What the task requires: Nothing but the pictures may be left out. Restate the rest of the entries word for word.

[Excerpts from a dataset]
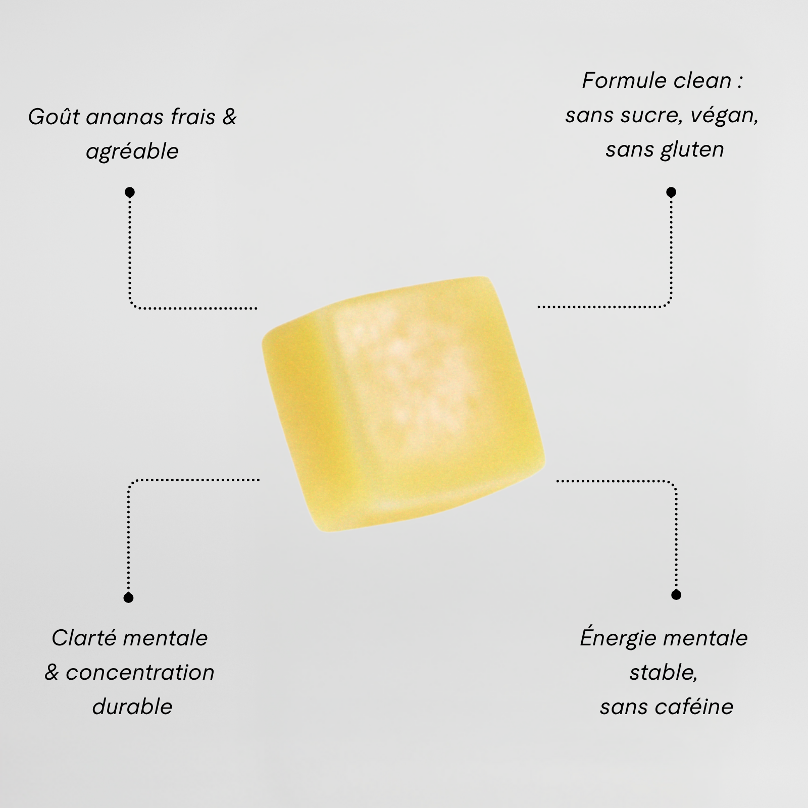 🍍 Goût Ananas – Un délicieux gummie à l'ananas pour booster votre esprit, sans effort.
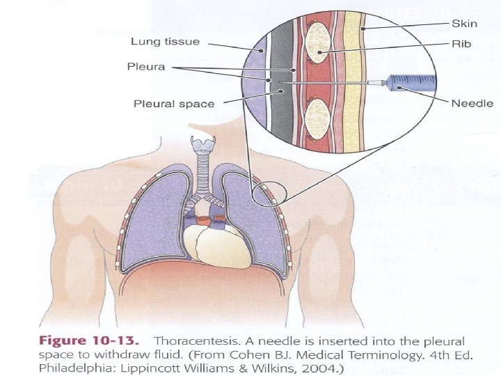 Thoracentesis It is the procedure in which the fluid is obtained by a needle and syringe
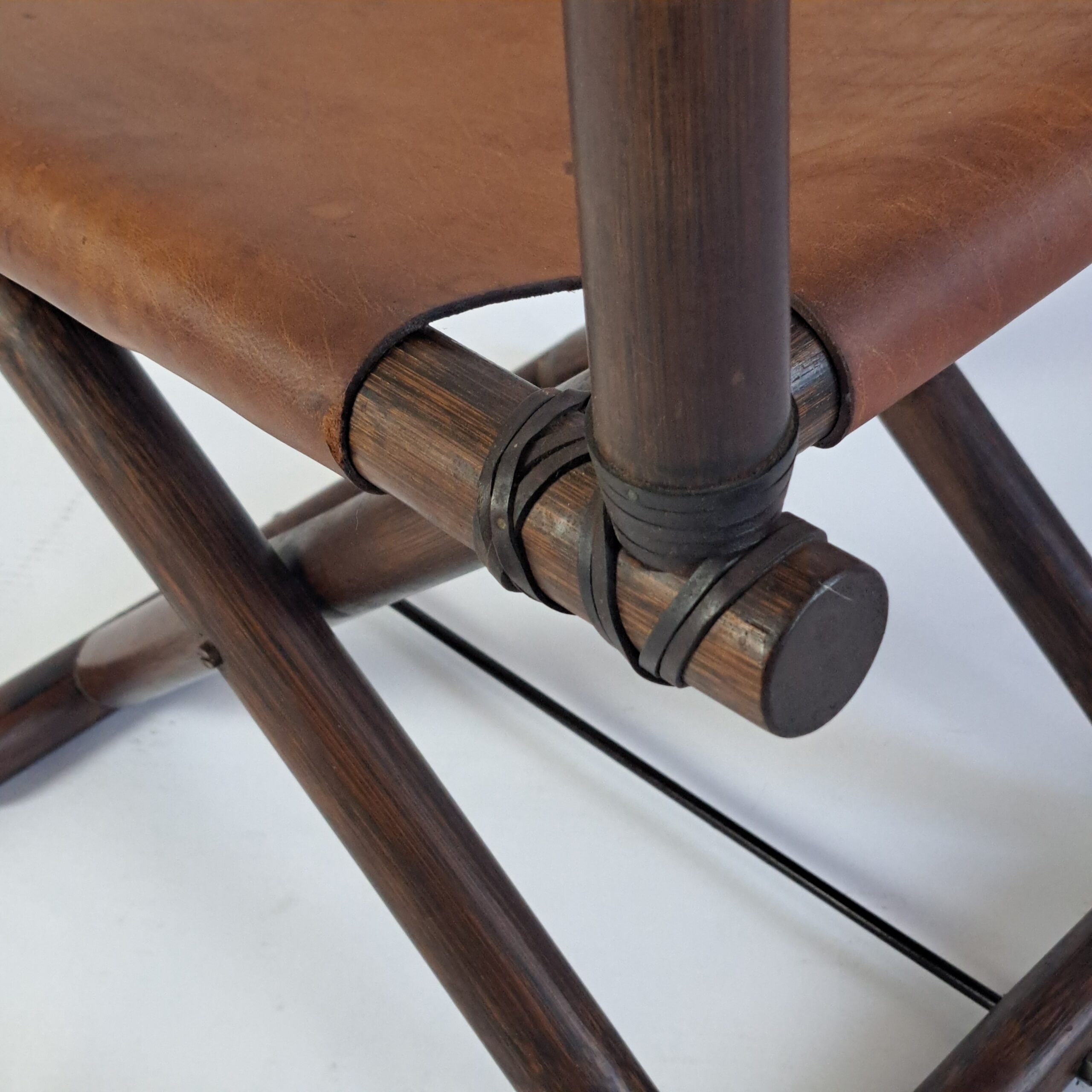 Around 1970 the taste in furniture changed from minimalist and purely functional to more outspoken and colourful objects. Rattan, the material of the 1960s, could not be painted, unless the bark was peeled. This peeled rattan was called manou and could be painted in different colours to adjust to a more romantic style of interior design. The famous Dutch factory of Rohé was very early in introducing this new material. This director’s chair, model ‘Viviana’ is a very beautiful and rare exemple of this development in Dutch and international furniture design. In very good condition, leather, manou rattan and steel, 1969-1970, h. 85, w. 60, d. 63, seat h. 43, seat d. 45
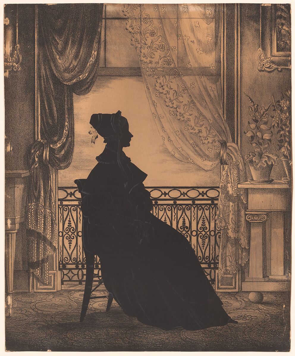 While its subject is unknown, this image has been linked to William Henry Brown, who was among the most prolific silhouette portraitists of the nineteenth century. Brown tended to affix his silhouettes to sepia-toned lithographs that mimicked the look of drawings, as is the case here. Usually made by cutting a profile portrait from black-inked paper, silhouettes were wildly popular throughout the nineteenth century. The democratic nature of the art form can be attributed to the affordability of the materials involved; as scissors, ink, and paper were relatively inexpensive, silhouettes could be commissioned for relatively small sums.
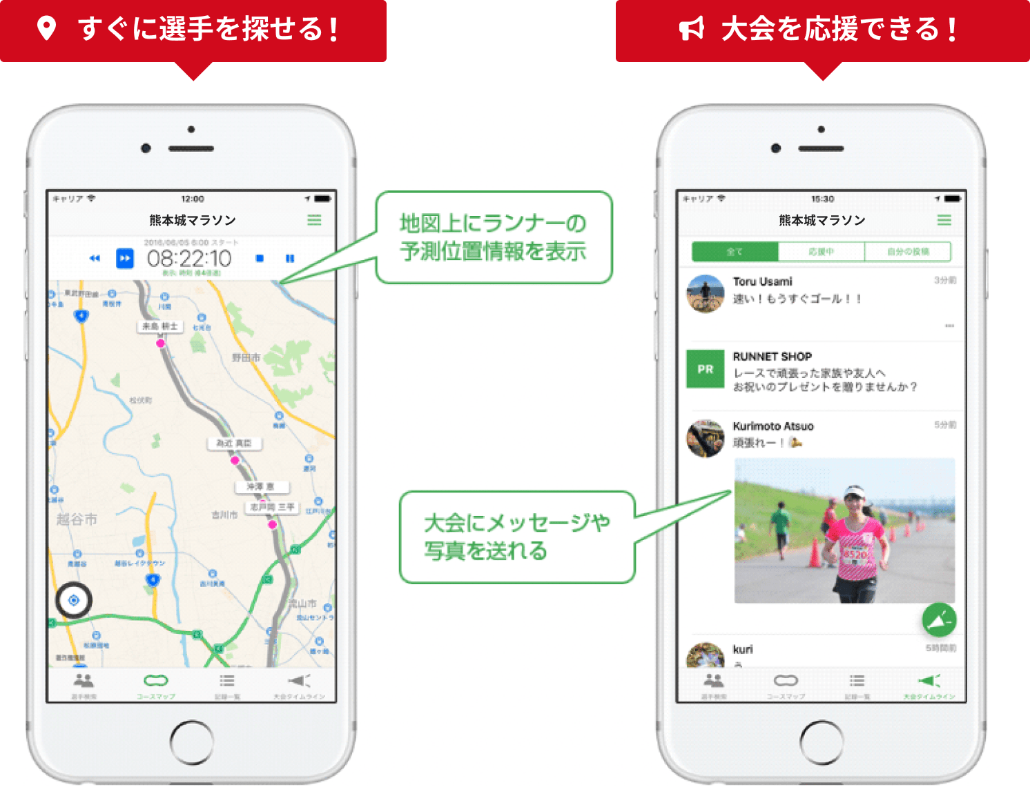 大会当日、スマートフォン・タブレットを利用して、スタートしたランナーの予測位置情報を確認し、コースを先回りして家族や友人を応援するのに便利です。

Exercise answer:
 🍍 Goût Ananas – Un délicieux gummie à l'ananas pour booster votre esprit, sans effort.
 Thoracentesis It is the procedure in which the fluid is obtained by a needle and syringe
 Around 1970 the taste in furniture changed from minimalist and purely functional to more outspoken and colourful objects. Rattan, the material of the 1960s, could not be painted, unless the bark was peeled. This peeled rattan was called manou and could be painted in different colours to adjust to a more romantic style of interior design. The famous Dutch factory of Rohé was very early in introducing this new material. This director’s chair, model ‘Viviana’ is a very beautiful and rare exemple of this development in Dutch and international furniture design. In very good condition, leather, manou rattan and steel, 1969-1970, h. 85, w. 60, d. 63, seat h. 43, seat d. 45
 While its subject is unknown, this image has been linked to William Henry Brown, who was among the most prolific silhouette portraitists of the nineteenth century. Brown tended to affix his silhouettes to sepia-toned lithographs that mimicked the look of drawings, as is the case here. Usually made by cutting a profile portrait from black-inked paper, silhouettes were wildly popular throughout the nineteenth century. The democratic nature of the art form can be attributed to the affordability of the materials involved; as scissors, ink, and paper were relatively inexpensive, silhouettes could be commissioned for relatively small sums.
 大会当日、スマートフォン・タブレットを利用して、スタートしたランナーの予測位置情報を確認し、コースを先回りして家族や友人を応援するのに便利です。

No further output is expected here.